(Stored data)
-=-=-=-=-
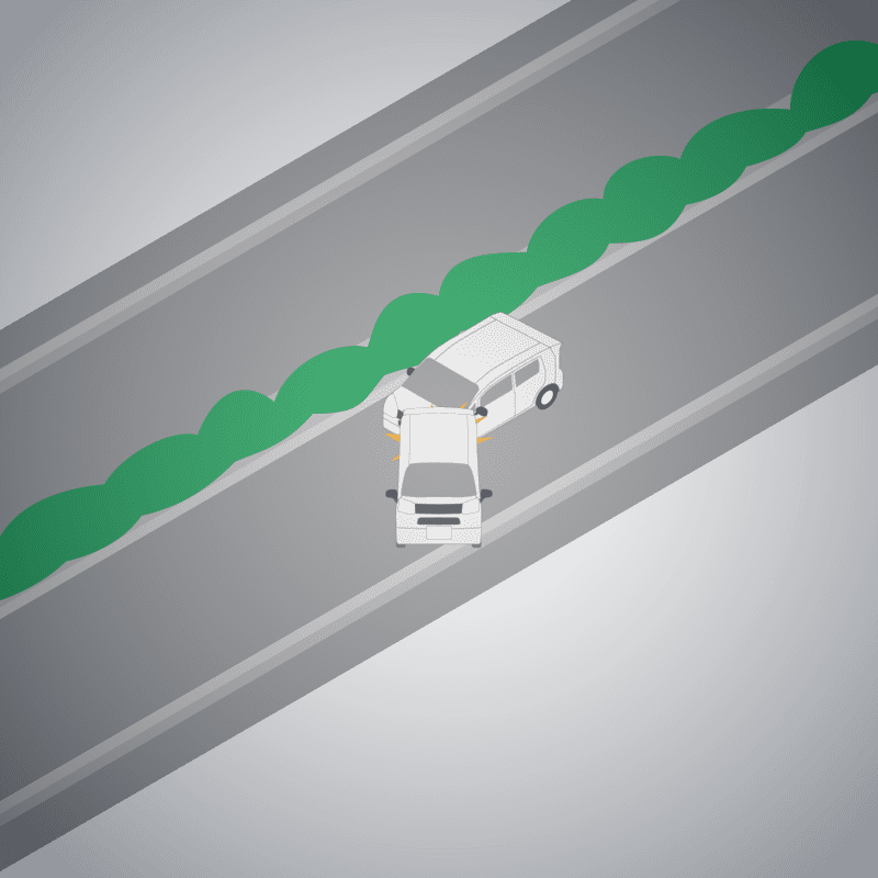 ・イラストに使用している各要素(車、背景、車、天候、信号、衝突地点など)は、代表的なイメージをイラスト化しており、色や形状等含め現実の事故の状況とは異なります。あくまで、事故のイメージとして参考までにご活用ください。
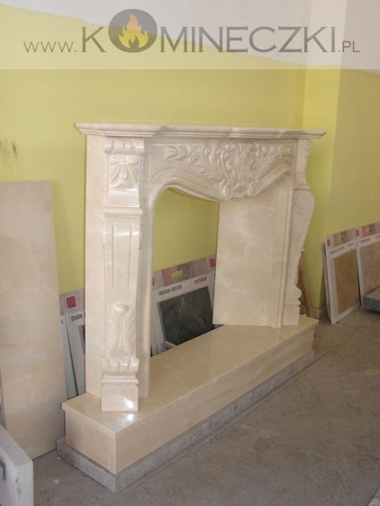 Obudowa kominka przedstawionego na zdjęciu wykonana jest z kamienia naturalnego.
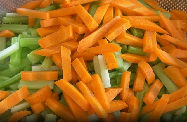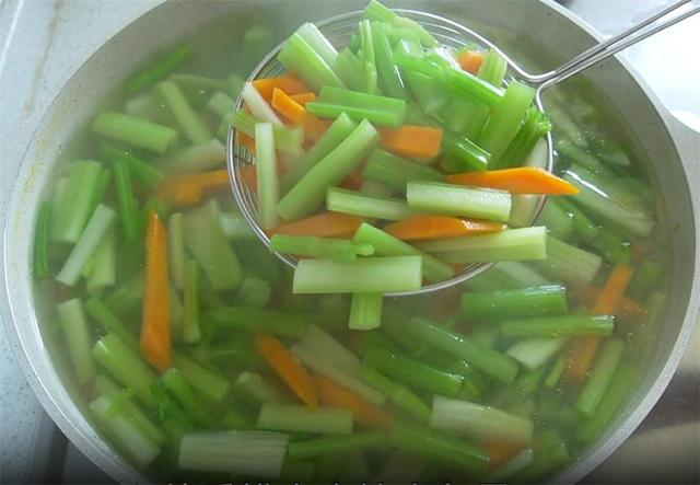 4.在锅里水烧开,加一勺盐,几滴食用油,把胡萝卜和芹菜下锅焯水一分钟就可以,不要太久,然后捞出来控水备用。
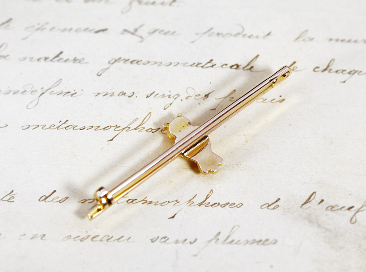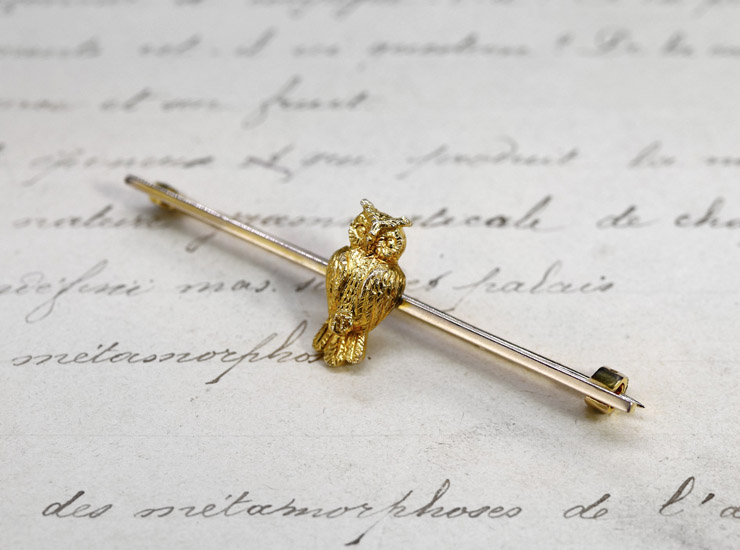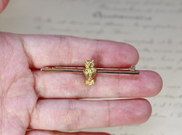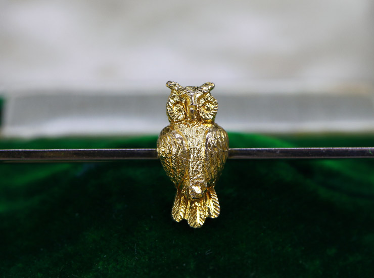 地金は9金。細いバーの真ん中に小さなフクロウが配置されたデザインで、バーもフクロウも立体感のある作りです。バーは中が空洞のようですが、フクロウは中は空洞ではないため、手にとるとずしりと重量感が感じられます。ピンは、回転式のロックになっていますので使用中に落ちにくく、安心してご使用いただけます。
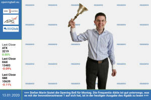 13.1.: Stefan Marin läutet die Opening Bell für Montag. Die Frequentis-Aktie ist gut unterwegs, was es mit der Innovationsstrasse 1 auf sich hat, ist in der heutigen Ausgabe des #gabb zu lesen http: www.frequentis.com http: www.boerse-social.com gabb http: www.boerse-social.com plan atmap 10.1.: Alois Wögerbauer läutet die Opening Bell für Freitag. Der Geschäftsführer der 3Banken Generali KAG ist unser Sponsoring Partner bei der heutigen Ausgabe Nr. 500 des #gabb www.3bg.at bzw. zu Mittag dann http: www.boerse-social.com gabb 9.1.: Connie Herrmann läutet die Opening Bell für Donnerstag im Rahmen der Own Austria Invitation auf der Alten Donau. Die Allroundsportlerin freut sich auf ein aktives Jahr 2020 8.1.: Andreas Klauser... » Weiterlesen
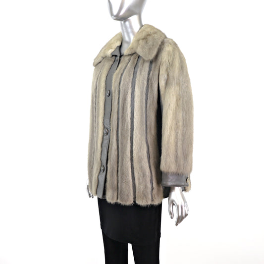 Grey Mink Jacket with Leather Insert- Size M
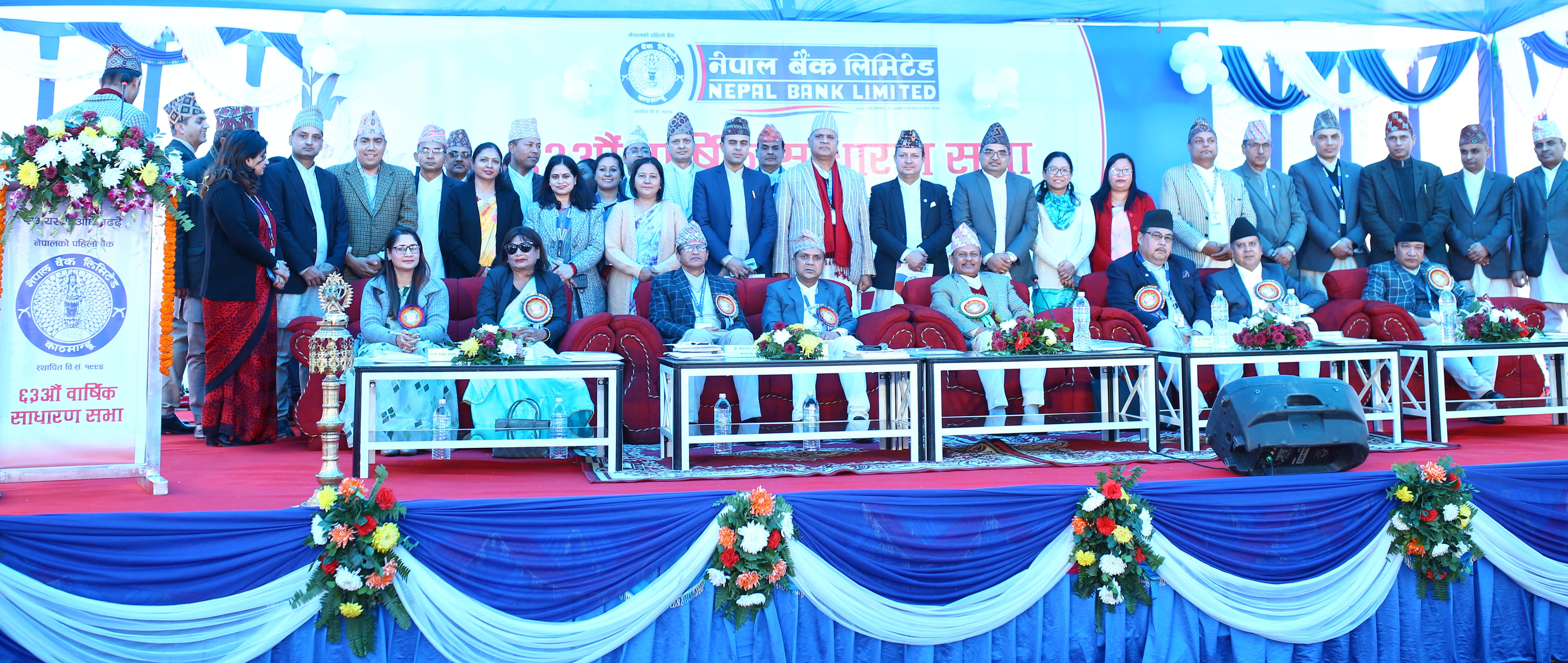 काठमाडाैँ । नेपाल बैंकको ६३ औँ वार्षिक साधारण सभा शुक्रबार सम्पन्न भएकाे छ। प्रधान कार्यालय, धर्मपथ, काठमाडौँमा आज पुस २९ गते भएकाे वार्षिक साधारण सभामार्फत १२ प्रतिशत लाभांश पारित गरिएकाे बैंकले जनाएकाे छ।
-=-=-=-=-
(TASK TO COMPLETE)
Please give again the entries word for word, starting at the first line and ending with the line that contains "Grey Mink Jacket with Leather Insert- Size M"; include both of those lines but none of the pictures.

(REPLY TO THE EXERCISE)
 ・イラストに使用している各要素(車、背景、車、天候、信号、衝突地点など)は、代表的なイメージをイラスト化しており、色や形状等含め現実の事故の状況とは異なります。あくまで、事故のイメージとして参考までにご活用ください。
 Obudowa kominka przedstawionego na zdjęciu wykonana jest z kamienia naturalnego.
 4.在锅里水烧开,加一勺盐,几滴食用油,把胡萝卜和芹菜下锅焯水一分钟就可以,不要太久,然后捞出来控水备用。
 地金は9金。細いバーの真ん中に小さなフクロウが配置されたデザインで、バーもフクロウも立体感のある作りです。バーは中が空洞のようですが、フクロウは中は空洞ではないため、手にとるとずしりと重量感が感じられます。ピンは、回転式のロックになっていますので使用中に落ちにくく、安心してご使用いただけます。
 13.1.: Stefan Marin läutet die Opening Bell für Montag. Die Frequentis-Aktie ist gut unterwegs, was es mit der Innovationsstrasse 1 auf sich hat, ist in der heutigen Ausgabe des #gabb zu lesen http: www.frequentis.com http: www.boerse-social.com gabb http: www.boerse-social.com plan atmap 10.1.: Alois Wögerbauer läutet die Opening Bell für Freitag. Der Geschäftsführer der 3Banken Generali KAG ist unser Sponsoring Partner bei der heutigen Ausgabe Nr. 500 des #gabb www.3bg.at bzw. zu Mittag dann http: www.boerse-social.com gabb 9.1.: Connie Herrmann läutet die Opening Bell für Donnerstag im Rahmen der Own Austria Invitation auf der Alten Donau. Die Allroundsportlerin freut sich auf ein aktives Jahr 2020 8.1.: Andreas Klauser... » Weiterlesen
 Grey Mink Jacket with Leather Insert- Size M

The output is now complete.